++++ Input

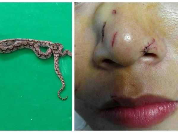 在泰国普吉咬伤中国游客的涉事蟒蛇和被蛇咬伤的中国女游客。
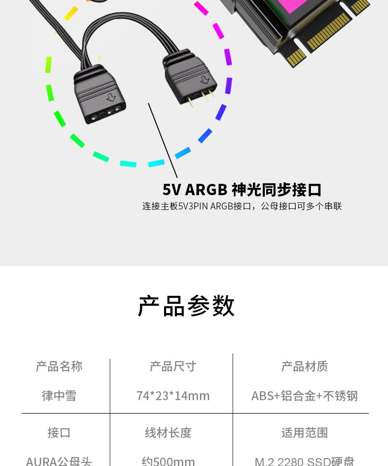 YICOBEILA 법 눈 m2 솔리드 스테이트 하드 디스크 냉각 조끼 ARGB 라이트 바 신 동기화 컴퓨터 액세서리
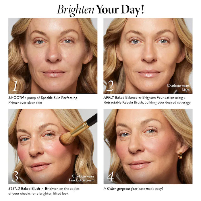 Balance-n-Brighten Color Correcting Baked Powder Foundation + Kabuki Brush es un dúo icónico diseñado para lograr un acabado natural, uniforme y luminoso en un solo paso. Este set combina la reconocida base en polvo horneado de la marca con una brocha kabuki perfecta para una aplicación precisa y profesional.
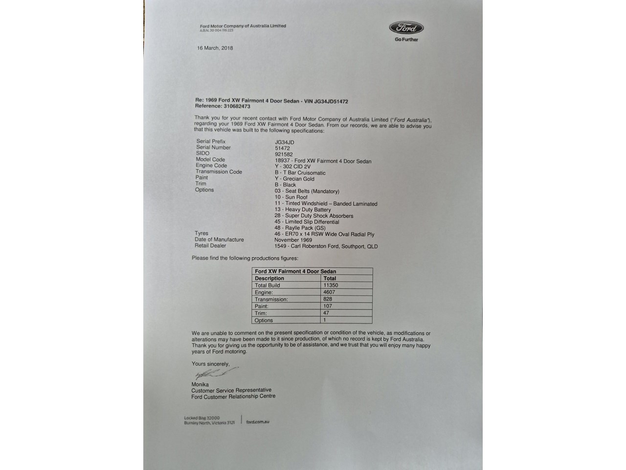 Price: $124,990 VIN: JG34JD51472 Engine: Y - 302 CID 2V Windsor V8 Transmission: B - T-Bar Cruisomatic Paint: Y - Grecian Gold Trim: B - Black Options: 03 - Seat Belts 10 - GOLDE Sunroof 11 - Laminated Tinted Banded Windshield 13 - Heavy Duty Battery 28 - Super Duty Shock Absorbers 45 - Limited Slip Differential 48 - GS Rallye Pack Build: November, 1969 Selling Dealership: 1549 - Carl Robertson Ford, Southport, QLD
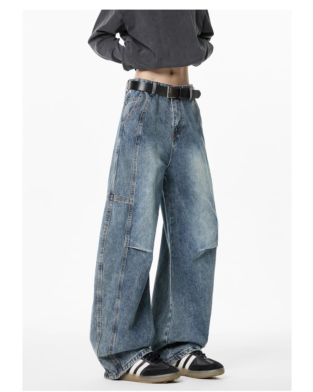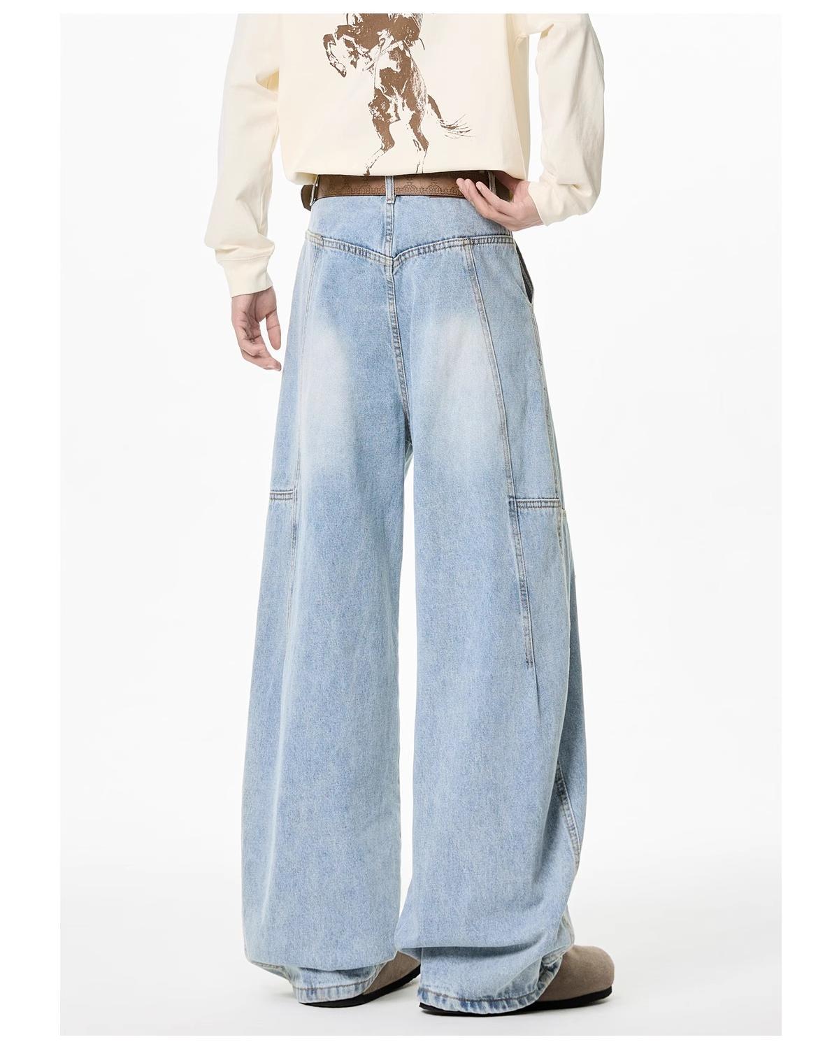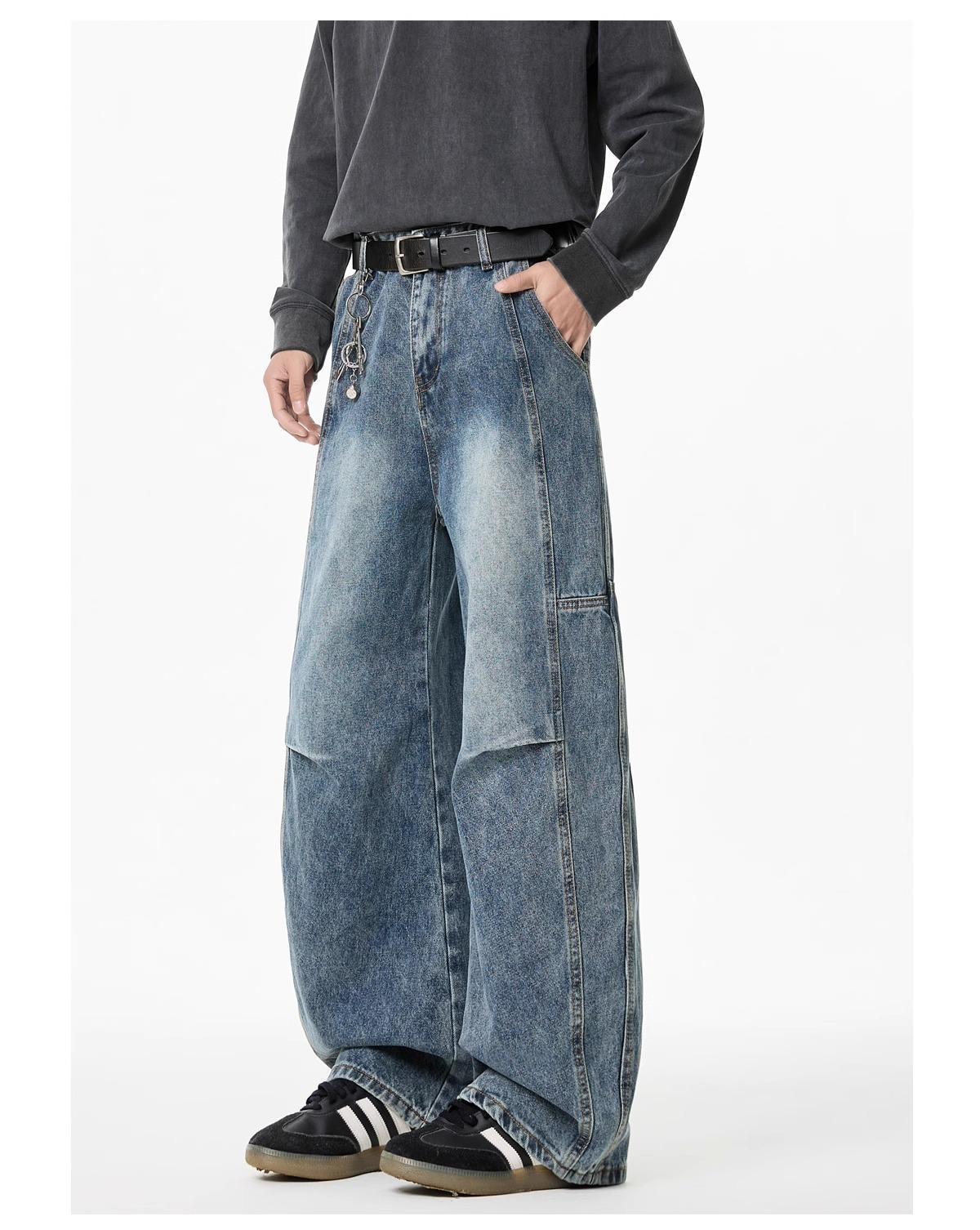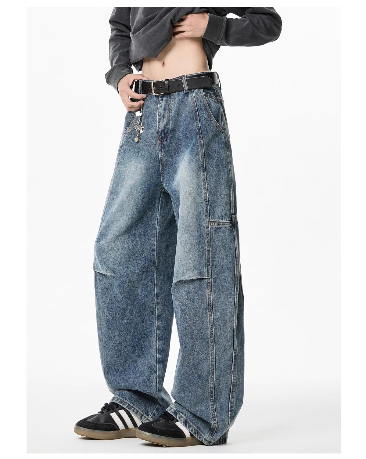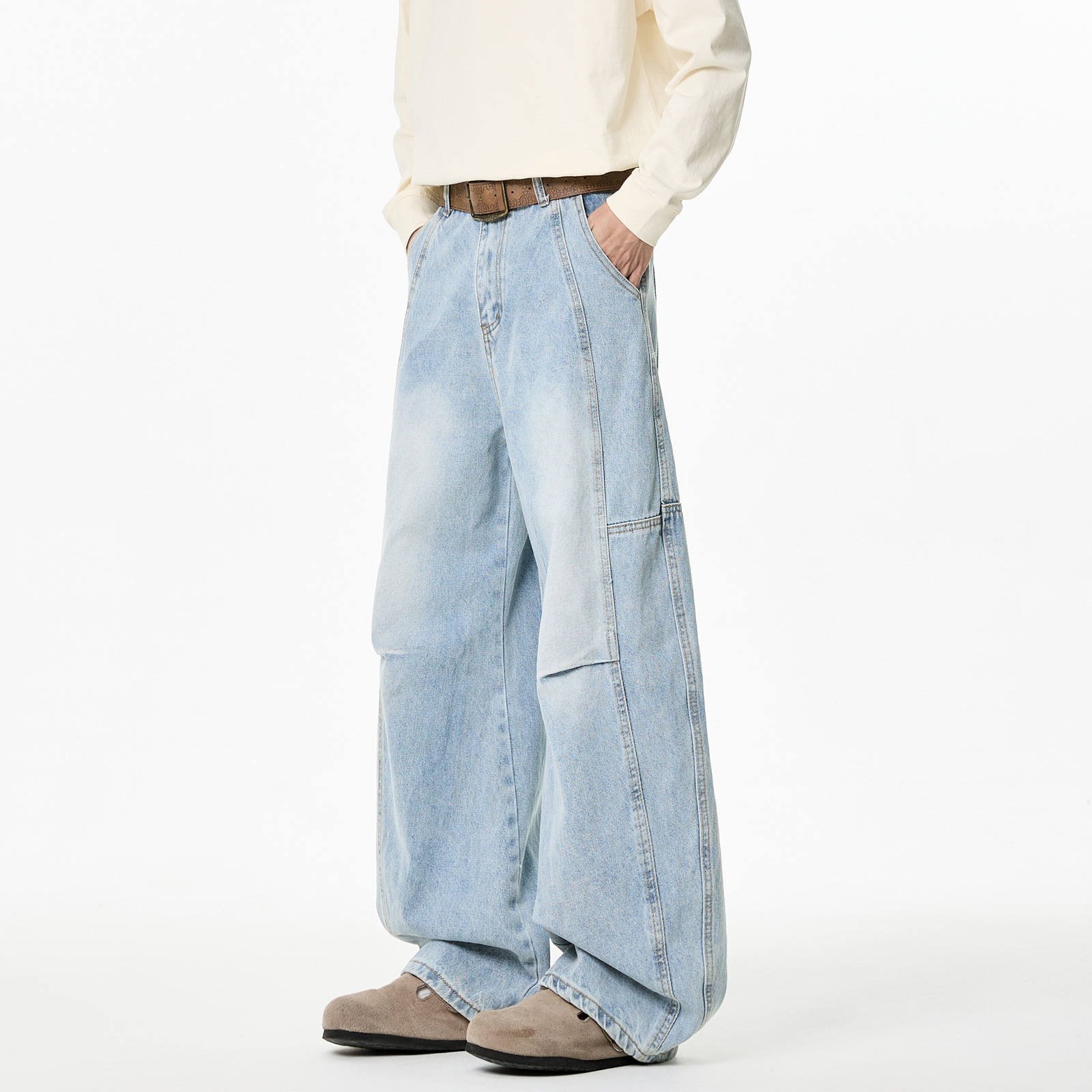세탁 된 청바지 남성용 스트레이트 루즈 해체 된 Machete 와이드 레그 아메리칸 스타일 하이 스트리트 팬츠 트렌디 한 브랜드 패치 워크 바지스토어 가기

++++++++

▸ **Work required**
For every entry above, write it out exactly and remove any image.

▸ **Exercise answer**
 在泰国普吉咬伤中国游客的涉事蟒蛇和被蛇咬伤的中国女游客。
 YICOBEILA 법 눈 m2 솔리드 스테이트 하드 디스크 냉각 조끼 ARGB 라이트 바 신 동기화 컴퓨터 액세서리
 Balance-n-Brighten Color Correcting Baked Powder Foundation + Kabuki Brush es un dúo icónico diseñado para lograr un acabado natural, uniforme y luminoso en un solo paso. Este set combina la reconocida base en polvo horneado de la marca con una brocha kabuki perfecta para una aplicación precisa y profesional.
 Price: $124,990 VIN: JG34JD51472 Engine: Y - 302 CID 2V Windsor V8 Transmission: B - T-Bar Cruisomatic Paint: Y - Grecian Gold Trim: B - Black Options: 03 - Seat Belts 10 - GOLDE Sunroof 11 - Laminated Tinted Banded Windshield 13 - Heavy Duty Battery 28 - Super Duty Shock Absorbers 45 - Limited Slip Differential 48 - GS Rallye Pack Build: November, 1969 Selling Dealership: 1549 - Carl Robertson Ford, Southport, QLD
세탁 된 청바지 남성용 스트레이트 루즈 해체 된 Machete 와이드 레그 아메리칸 스타일 하이 스트리트 팬츠 트렌디 한 브랜드 패치 워크 바지스토어 가기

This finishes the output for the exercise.